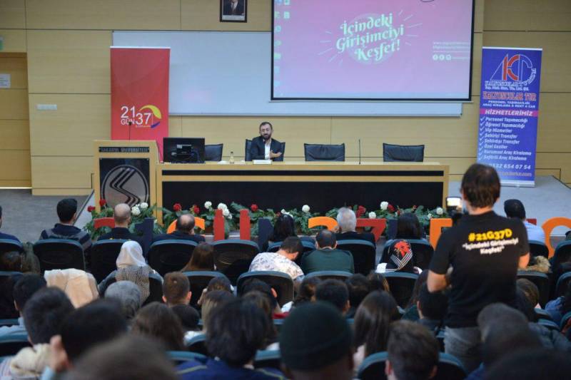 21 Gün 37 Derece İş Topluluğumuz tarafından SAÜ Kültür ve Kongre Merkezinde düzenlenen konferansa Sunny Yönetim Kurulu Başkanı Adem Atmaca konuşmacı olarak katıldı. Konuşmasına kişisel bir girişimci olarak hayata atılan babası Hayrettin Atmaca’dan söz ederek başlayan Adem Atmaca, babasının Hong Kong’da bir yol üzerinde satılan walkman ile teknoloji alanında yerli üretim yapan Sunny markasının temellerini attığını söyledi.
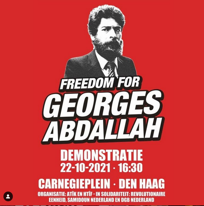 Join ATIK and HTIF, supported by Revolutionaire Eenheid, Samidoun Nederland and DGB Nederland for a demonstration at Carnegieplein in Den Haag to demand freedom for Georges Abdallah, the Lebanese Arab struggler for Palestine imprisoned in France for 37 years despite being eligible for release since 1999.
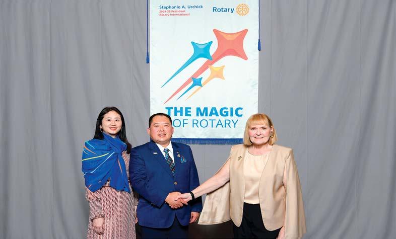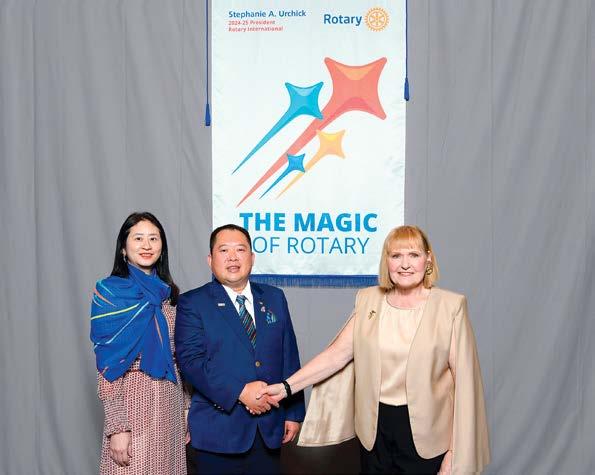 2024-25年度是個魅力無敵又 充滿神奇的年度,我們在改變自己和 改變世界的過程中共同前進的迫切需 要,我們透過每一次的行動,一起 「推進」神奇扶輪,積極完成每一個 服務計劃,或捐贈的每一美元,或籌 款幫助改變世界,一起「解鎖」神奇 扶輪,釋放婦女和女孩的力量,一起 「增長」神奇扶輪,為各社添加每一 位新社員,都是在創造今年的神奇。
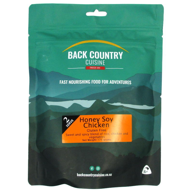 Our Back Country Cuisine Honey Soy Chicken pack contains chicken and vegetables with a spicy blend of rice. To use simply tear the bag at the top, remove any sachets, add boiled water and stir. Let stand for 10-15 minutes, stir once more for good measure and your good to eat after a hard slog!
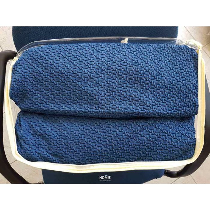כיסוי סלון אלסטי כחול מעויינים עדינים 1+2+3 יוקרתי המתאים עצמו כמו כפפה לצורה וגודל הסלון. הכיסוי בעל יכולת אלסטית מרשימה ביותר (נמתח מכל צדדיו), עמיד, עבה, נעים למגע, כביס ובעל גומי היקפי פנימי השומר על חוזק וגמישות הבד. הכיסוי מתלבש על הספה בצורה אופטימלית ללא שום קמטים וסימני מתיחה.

****************

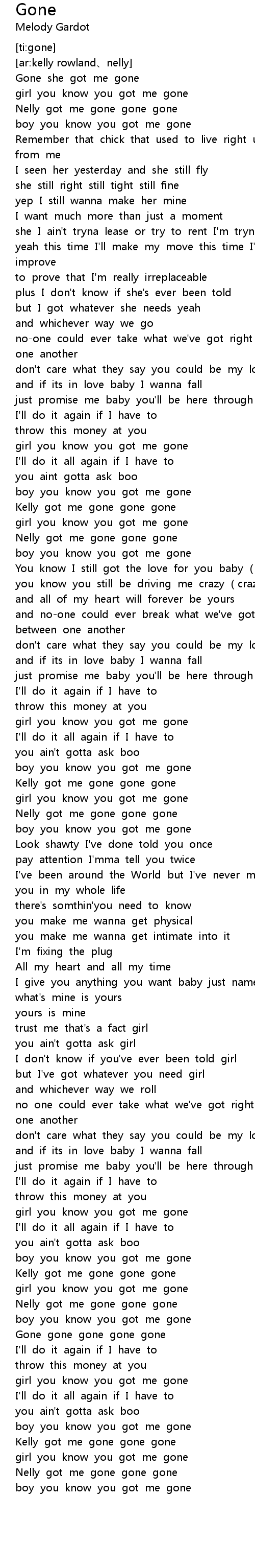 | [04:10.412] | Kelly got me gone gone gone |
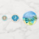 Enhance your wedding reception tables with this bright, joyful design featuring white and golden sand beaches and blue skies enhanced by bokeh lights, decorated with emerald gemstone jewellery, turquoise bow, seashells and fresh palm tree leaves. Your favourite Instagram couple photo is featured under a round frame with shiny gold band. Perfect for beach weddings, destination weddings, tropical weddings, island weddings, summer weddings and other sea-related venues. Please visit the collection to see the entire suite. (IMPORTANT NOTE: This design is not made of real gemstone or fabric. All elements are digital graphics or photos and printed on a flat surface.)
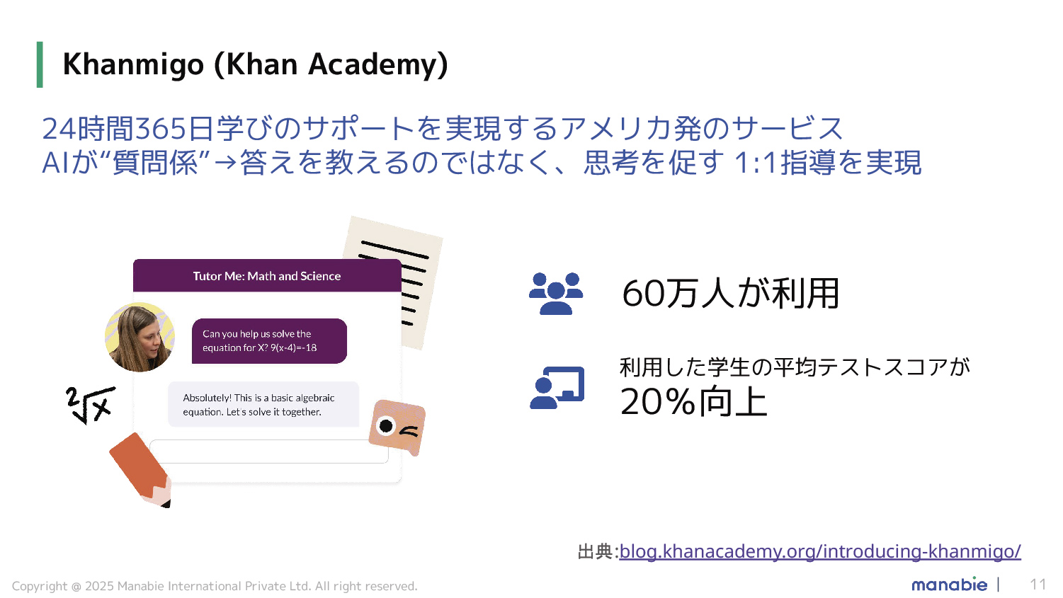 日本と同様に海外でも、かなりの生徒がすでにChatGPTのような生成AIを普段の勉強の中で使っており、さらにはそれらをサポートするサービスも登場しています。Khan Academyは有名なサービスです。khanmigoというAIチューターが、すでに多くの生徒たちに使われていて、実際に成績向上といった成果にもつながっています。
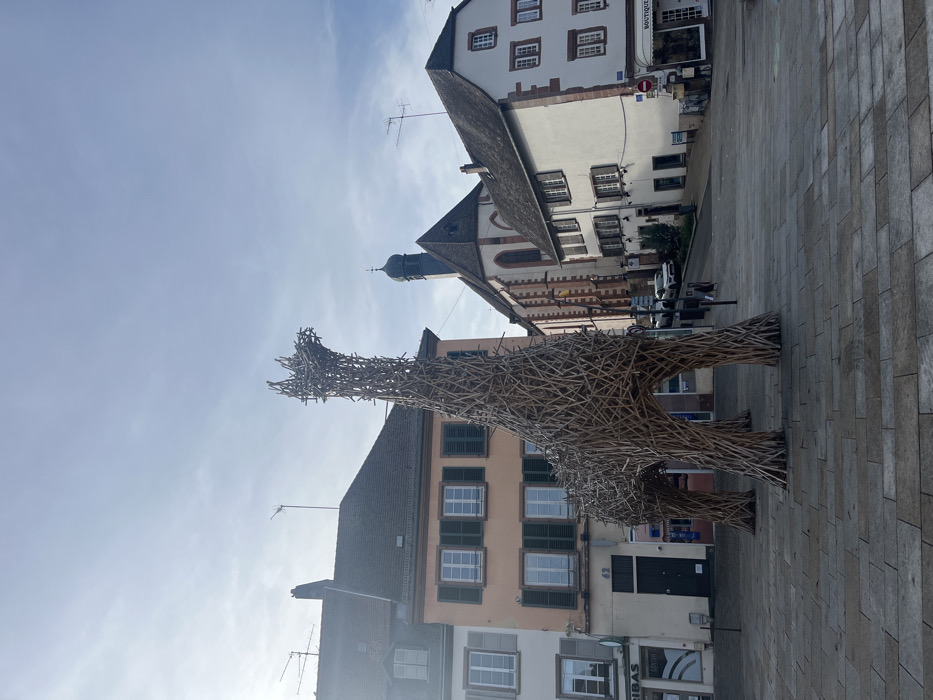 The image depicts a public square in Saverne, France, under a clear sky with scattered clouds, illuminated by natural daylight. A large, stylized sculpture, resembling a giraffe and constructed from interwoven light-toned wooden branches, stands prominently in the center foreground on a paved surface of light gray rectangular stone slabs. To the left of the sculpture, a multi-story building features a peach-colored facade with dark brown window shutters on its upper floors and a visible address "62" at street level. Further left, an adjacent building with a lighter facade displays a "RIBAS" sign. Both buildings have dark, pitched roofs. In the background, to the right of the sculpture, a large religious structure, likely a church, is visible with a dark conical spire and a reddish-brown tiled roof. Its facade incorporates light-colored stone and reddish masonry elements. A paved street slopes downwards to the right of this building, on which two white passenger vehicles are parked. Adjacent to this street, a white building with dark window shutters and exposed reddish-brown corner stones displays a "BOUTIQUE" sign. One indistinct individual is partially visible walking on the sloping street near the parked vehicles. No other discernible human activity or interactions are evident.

****************

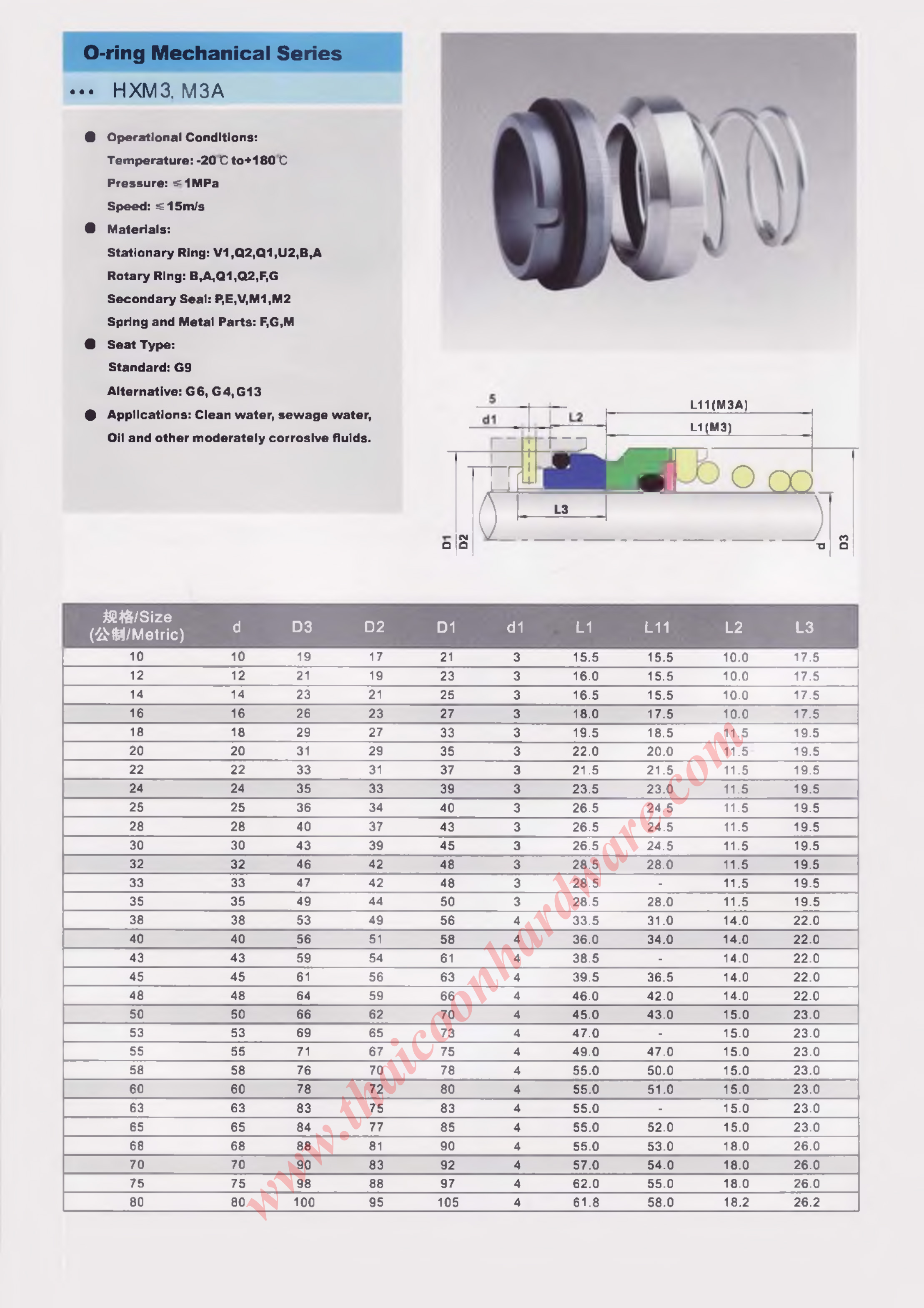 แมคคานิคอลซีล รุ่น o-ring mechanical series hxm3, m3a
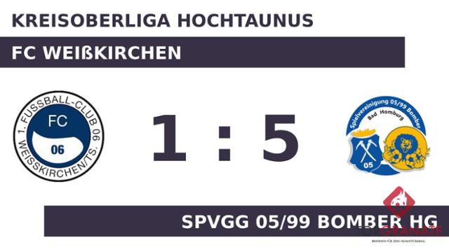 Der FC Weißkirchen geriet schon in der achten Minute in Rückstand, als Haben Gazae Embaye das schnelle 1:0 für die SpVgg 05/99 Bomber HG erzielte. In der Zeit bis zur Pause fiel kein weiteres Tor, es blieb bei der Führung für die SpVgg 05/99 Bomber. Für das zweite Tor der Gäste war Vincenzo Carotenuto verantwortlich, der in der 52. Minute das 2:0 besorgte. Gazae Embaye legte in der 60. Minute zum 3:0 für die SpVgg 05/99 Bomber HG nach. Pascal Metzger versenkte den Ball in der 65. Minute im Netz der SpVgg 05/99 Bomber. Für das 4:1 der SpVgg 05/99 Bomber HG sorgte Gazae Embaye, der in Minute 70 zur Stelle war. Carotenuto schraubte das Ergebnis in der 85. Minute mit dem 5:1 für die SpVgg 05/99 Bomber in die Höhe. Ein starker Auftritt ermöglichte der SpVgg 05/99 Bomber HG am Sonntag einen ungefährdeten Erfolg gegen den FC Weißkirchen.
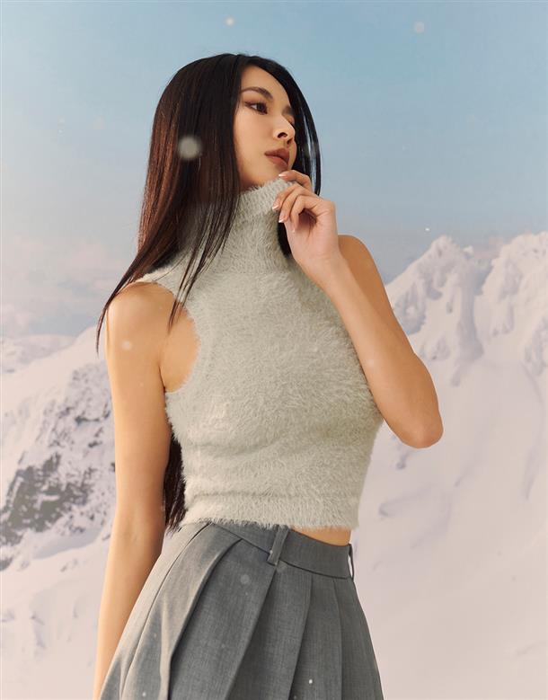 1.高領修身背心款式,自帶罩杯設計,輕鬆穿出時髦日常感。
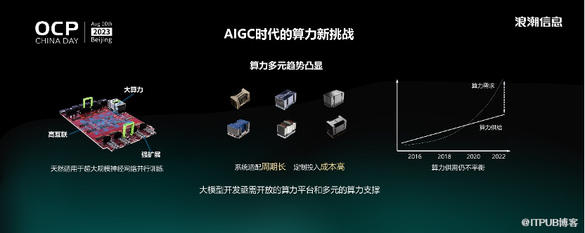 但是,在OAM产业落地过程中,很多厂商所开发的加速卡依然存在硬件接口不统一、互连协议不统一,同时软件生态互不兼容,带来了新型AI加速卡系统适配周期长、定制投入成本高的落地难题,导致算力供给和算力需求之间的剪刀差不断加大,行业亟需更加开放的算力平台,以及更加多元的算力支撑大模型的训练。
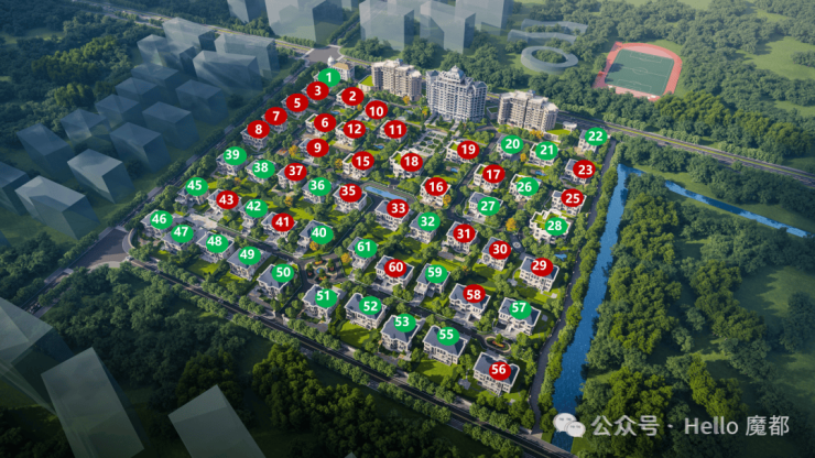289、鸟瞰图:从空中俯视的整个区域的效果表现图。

****************

▶ AIM OF THE EXERCISE
Repeat exactly the stretch of the listing above that starts with the line holding "21 Gün 37 Derece" and finishes with the line holding "כיסוי סלון אלסטי", both included. Skip every picture.

▶ ANSWER FOR THE TASK
 21 Gün 37 Derece İş Topluluğumuz tarafından SAÜ Kültür ve Kongre Merkezinde düzenlenen konferansa Sunny Yönetim Kurulu Başkanı Adem Atmaca konuşmacı olarak katıldı. Konuşmasına kişisel bir girişimci olarak hayata atılan babası Hayrettin Atmaca’dan söz ederek başlayan Adem Atmaca, babasının Hong Kong’da bir yol üzerinde satılan walkman ile teknoloji alanında yerli üretim yapan Sunny markasının temellerini attığını söyledi.
 Join ATIK and HTIF, supported by Revolutionaire Eenheid, Samidoun Nederland and DGB Nederland for a demonstration at Carnegieplein in Den Haag to demand freedom for Georges Abdallah, the Lebanese Arab struggler for Palestine imprisoned in France for 37 years despite being eligible for release since 1999.
 2024-25年度是個魅力無敵又 充滿神奇的年度,我們在改變自己和 改變世界的過程中共同前進的迫切需 要,我們透過每一次的行動,一起 「推進」神奇扶輪,積極完成每一個 服務計劃,或捐贈的每一美元,或籌 款幫助改變世界,一起「解鎖」神奇 扶輪,釋放婦女和女孩的力量,一起 「增長」神奇扶輪,為各社添加每一 位新社員,都是在創造今年的神奇。
 Our Back Country Cuisine Honey Soy Chicken pack contains chicken and vegetables with a spicy blend of rice. To use simply tear the bag at the top, remove any sachets, add boiled water and stir. Let stand for 10-15 minutes, stir once more for good measure and your good to eat after a hard slog!
כיסוי סלון אלסטי כחול מעויינים עדינים 1+2+3 יוקרתי המתאים עצמו כמו כפפה לצורה וגודל הסלון. הכיסוי בעל יכולת אלסטית מרשימה ביותר (נמתח מכל צדדיו), עמיד, עבה, נעים למגע, כביס ובעל גומי היקפי פנימי השומר על חוזק וגמישות הבד. הכיסוי מתלבש על הספה בצורה אופטימלית ללא שום קמטים וסימני מתיחה.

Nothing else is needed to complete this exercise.